→ **Aim of the task**:
Would you print every entry below exactly as written, omitting the images?

(Items from a dataset)

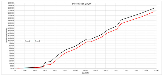 Relation between loads applied and deformation of the rebars 1 and 2.
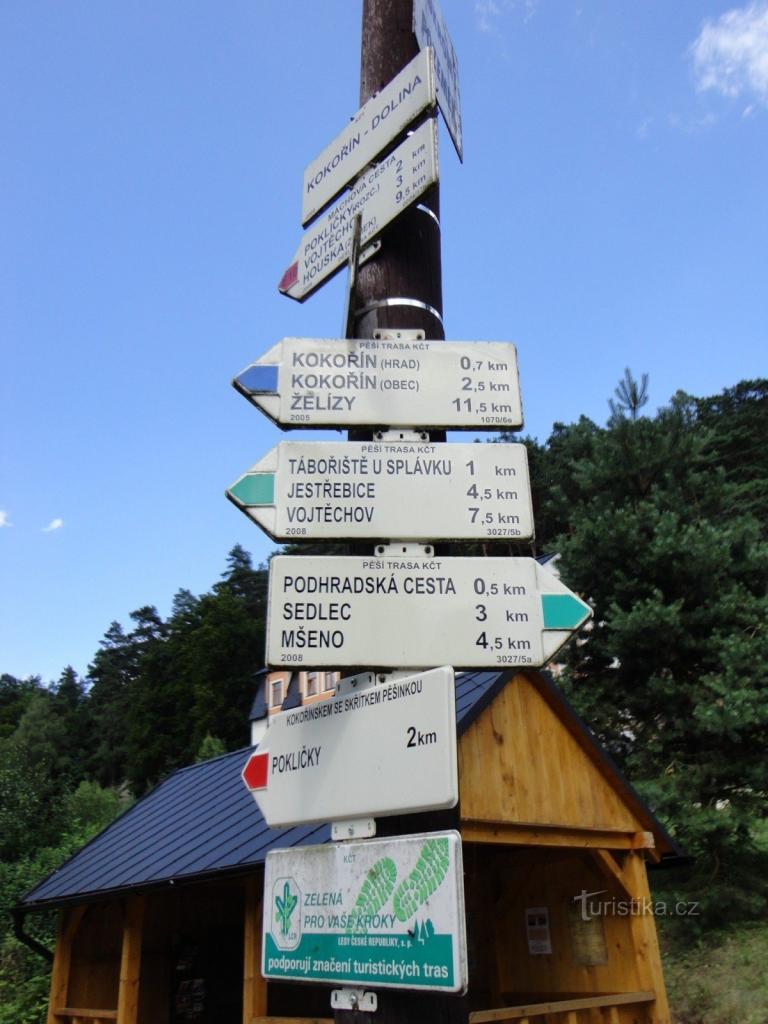 Turistický rozcestník, který se nachází u parkoviště pod Hotelem Kokořín, ukazuje turistům cestu do tří směrů. Po modré značce ve směru Kokořín dolina - Kokořín hrad, Kokořín obec, Dolní Zimoř,…
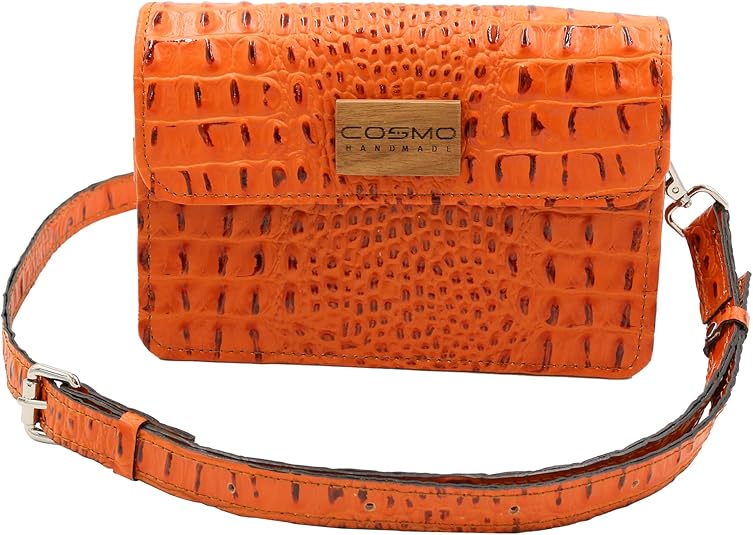 Adara Croc-Embossed Medium Genuine Leather Crossbody Bag - Elegant Orange Purse with Adjustable Shoulder Strap
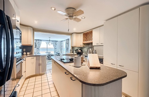 The house boasts an oversized living room which is open to the dining area, a fully equipped kitchen, and fabulous sun room. There is a first floor bedroom with king size bed (and tv), and laundry on the main floor also. Upstairs are 3 nicely sized bedrooms (2 king size 1 queen) that share the 2nd full bathroom.
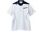 ●素材:ソフトラチネ 混率:ポリエステル100%●スタンドカラー●サイドパイピング●内ポケット●シャープなカッティングデザイン●SEK制菌加工●透け防止●吸汗●制電●防汚●色:白×ネイビー●サイズ:3L
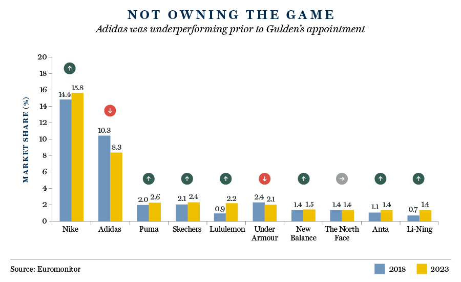 Compounding these woes were a troubled strategic pivot to a direct-to-consumer business model and a huge inventory overhang that necessitated heavy discounting. Fighting fires on a number of fronts, Adidas was struggling to keep pace with the competition, losing market share to both established rivals and a slew of up-and-coming challengers.
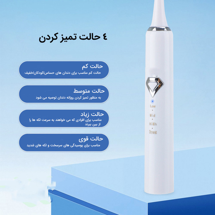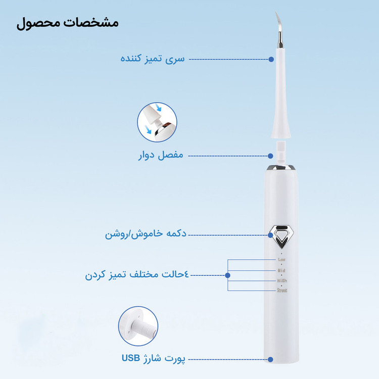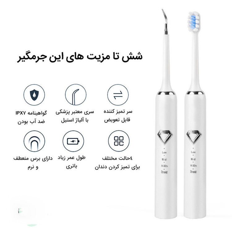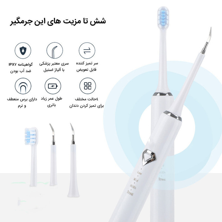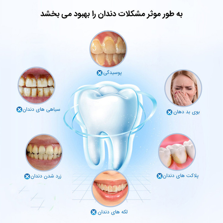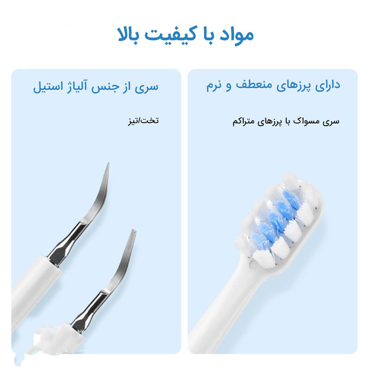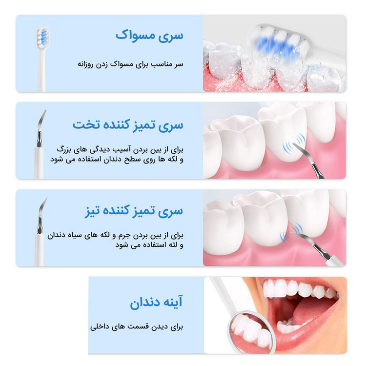 اقلام همراه: 5 عدد سری مسواک یک عدد سری جرم گیر تخت یک سری جرم گیر تیز یک عدد آینه دندان یک عدد کابل شارژ دفترچه راهنمای کاربر

→ **Expected answer**:
 Relation between loads applied and deformation of the rebars 1 and 2.
 Turistický rozcestník, který se nachází u parkoviště pod Hotelem Kokořín, ukazuje turistům cestu do tří směrů. Po modré značce ve směru Kokořín dolina - Kokořín hrad, Kokořín obec, Dolní Zimoř,…
 Adara Croc-Embossed Medium Genuine Leather Crossbody Bag - Elegant Orange Purse with Adjustable Shoulder Strap
 The house boasts an oversized living room which is open to the dining area, a fully equipped kitchen, and fabulous sun room. There is a first floor bedroom with king size bed (and tv), and laundry on the main floor also. Upstairs are 3 nicely sized bedrooms (2 king size 1 queen) that share the 2nd full bathroom.
 ●素材:ソフトラチネ 混率:ポリエステル100%●スタンドカラー●サイドパイピング●内ポケット●シャープなカッティングデザイン●SEK制菌加工●透け防止●吸汗●制電●防汚●色:白×ネイビー●サイズ:3L
 Compounding these woes were a troubled strategic pivot to a direct-to-consumer business model and a huge inventory overhang that necessitated heavy discounting. Fighting fires on a number of fronts, Adidas was struggling to keep pace with the competition, losing market share to both established rivals and a slew of up-and-coming challengers.
 اقلام همراه: 5 عدد سری مسواک یک عدد سری جرم گیر تخت یک سری جرم گیر تیز یک عدد آینه دندان یک عدد کابل شارژ دفترچه راهنمای کاربر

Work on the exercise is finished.